To finish things off, this ones a bit of a curve-ball. When browsing through the AMG GT3 preset partterns, I noticed there was a design where the secondary colour on the side of the car sloped upwards towards the rear, just like several of the schemes on the old Mercedes 190E Touring Cars. Unable to replicate the pinstripe on the classic Sonnax car, this beery beauty seemed like just the ticket. And of course, there’s a sim racing link through the Thiim name as well. As with the Aston, there really wasn’t a close enough match for the dark green, which should really haev a slightly more blue hue, but the gold is spot on… and the combination looks pretty sharp if I do say so myself.
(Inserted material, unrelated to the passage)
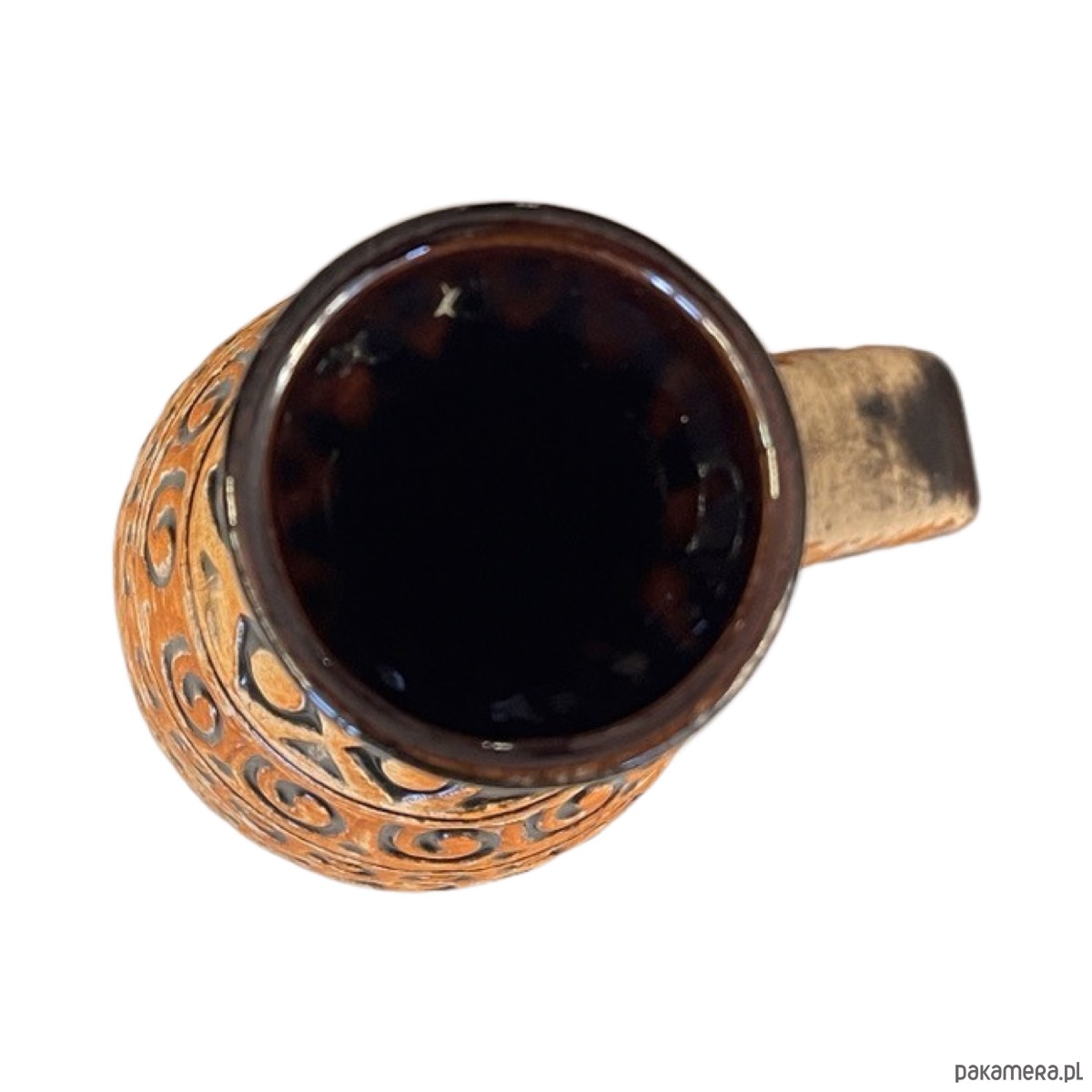 Glazura w kolorze ochry, z kilkoma czarnymi paskami. Zobacz zdjęcia.

Even the gold rims, something I’m not normally too keen on seem to work here. To finish up, I added a gold LED strip to the top of the windscreen, because why-not. All in all, it’s far from a replica of the old DTM beast, but I think the livery evokes some of the spirit.
 

Final Thoughts

 

If you’ve dabbled with liveries in ACC before, then you’ll know that this update is very much a user interface implementation of the old ‘open up notepad and edit a text-file’ system that was in place previously. So, for some this may not be all that exciting. But, that all being said, being able to put together a livery in a couple of minutes, with live previews, and without needing to cross-reference various online lookup tables is a bit of a godsend if you like creating custom liveries. On the other side of the coin though, I still cant help but feel that this feature, while welcomed, is a bit too restrictive. I understand Kunos’ reasoning, and the commercial considerations that they face, but I for one would love to see a bit more flexibility in the livery editor, even if it’s just something as simple as custom shape stickers, as seen in some other driving games. Oh, and a full gamut colour pallet too while I’m wish-listing!